Cameron has performed a political conjuring trick of some brilliance in diverting voters' wrath from the gamblers of high finance to public servants' excess. By persuading people it was public spending not the bankers' crash that wrecked the economy, he has won the narrative so far – no mean feat. The question now is whether his undoubted political talents can carry him through the hurricanes that will follow October's spending review. So far, he has convinced the public that the deficit is the overwhelming priority, and cuts are necessary – and mainly Labour's fault for overspending. But coalition approval is falling before the real cuts have struck.

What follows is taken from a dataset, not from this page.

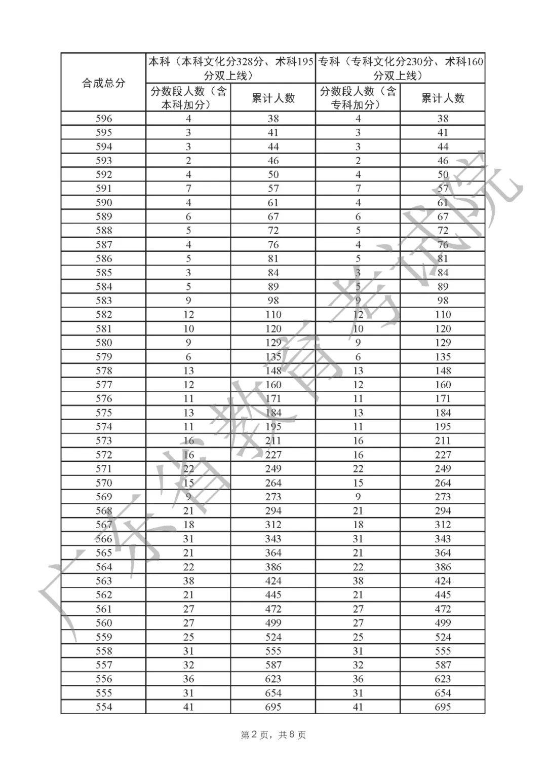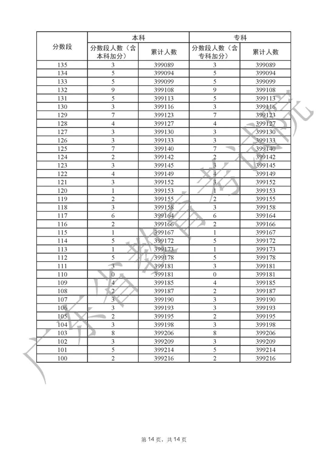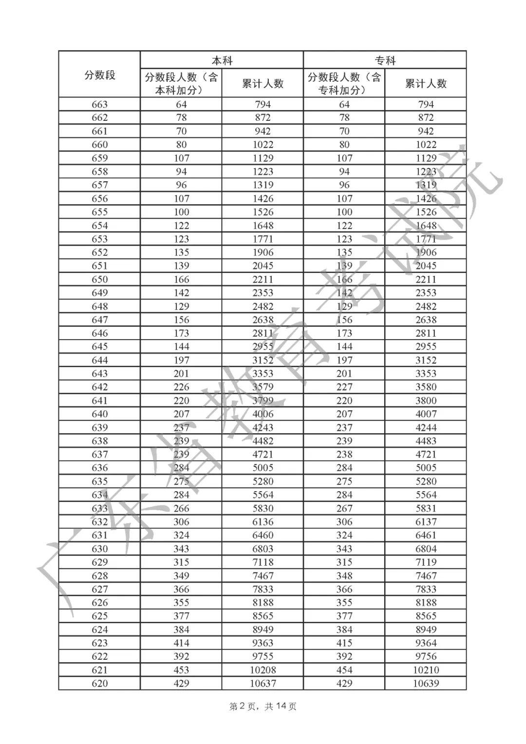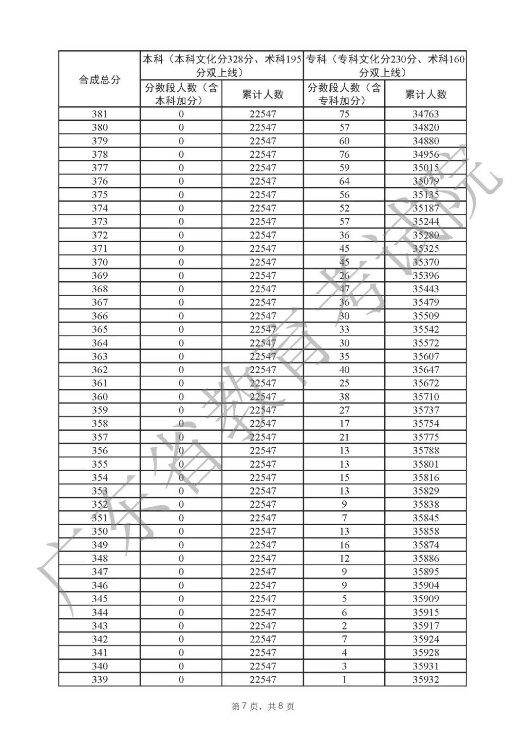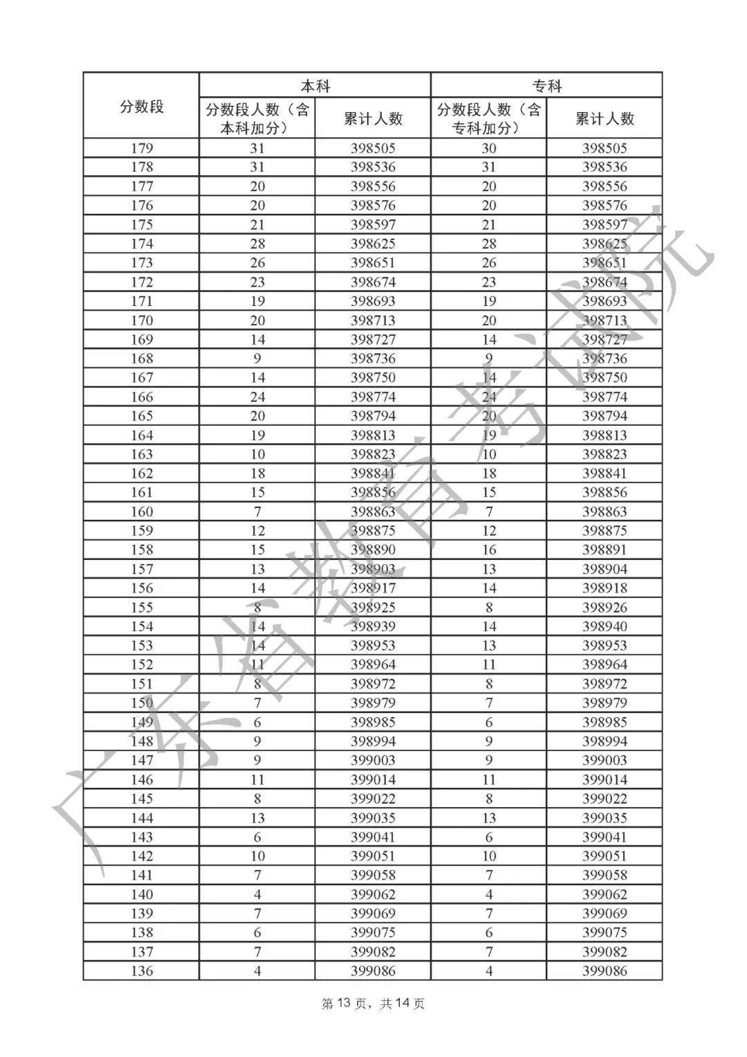 2022年广东高考“一分一段表”

The prime minister remains something of an enigma. Is he steely enough? One Nation, "We're all in this together" is the persona he plainly enjoys. Unlike Thatcher, he likes to be liked. He couldn't even bear to snatch milk from infants' mouths, or the pricey bus passes from wealthier old folk.

But having spelled out the numbers, he will have to do far worse. Take this week's improbable example: cutting £2bn from the £9bn Ministry of Justice budget is equivalent to abolishing all prisons or all law courts. Possible, or perhaps not after all? Expect the confusion over cuts in Building Schools for the Future to be multiplied over and over in the coming year. The new Labour leader has miles of lost ground to make up, with difficult questions to answer convincingly – starting with "What would you do?". But opposition has rarely looked easier.